TASK BRIEF →
Return the line containing "پشتتاشان (سالى 2000)" and all lines after it exactly; stop at the end of the material.

PROVIDED MATERIAL →
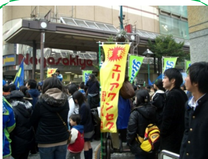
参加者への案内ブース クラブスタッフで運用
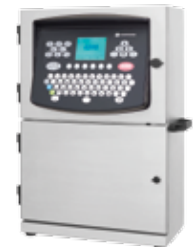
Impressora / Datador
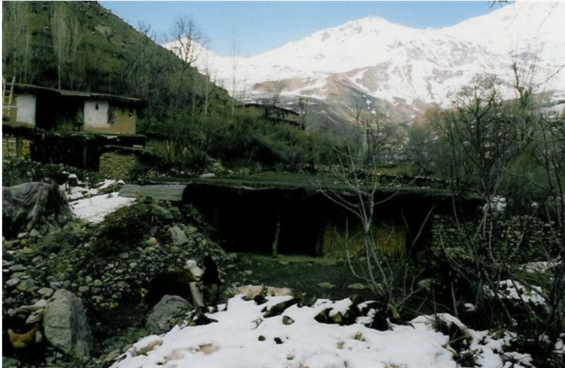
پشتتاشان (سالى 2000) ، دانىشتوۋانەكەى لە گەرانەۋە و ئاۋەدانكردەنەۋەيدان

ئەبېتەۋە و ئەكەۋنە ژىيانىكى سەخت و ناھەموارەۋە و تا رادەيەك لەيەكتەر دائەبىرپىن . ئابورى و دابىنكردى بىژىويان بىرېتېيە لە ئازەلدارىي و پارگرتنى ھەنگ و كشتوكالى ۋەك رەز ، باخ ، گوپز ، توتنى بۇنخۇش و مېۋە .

OUTPUT OF THE TASK →
پشتتاشان (سالى 2000) ، دانىشتوۋانەكەى لە گەرانەۋە و ئاۋەدانكردەنەۋەيدان

ئەبېتەۋە و ئەكەۋنە ژىيانىكى سەخت و ناھەموارەۋە و تا رادەيەك لەيەكتەر دائەبىرپىن . ئابورى و دابىنكردى بىژىويان بىرېتېيە لە ئازەلدارىي و پارگرتنى ھەنگ و كشتوكالى ۋەك رەز ، باخ ، گوپز ، توتنى بۇنخۇش و مېۋە .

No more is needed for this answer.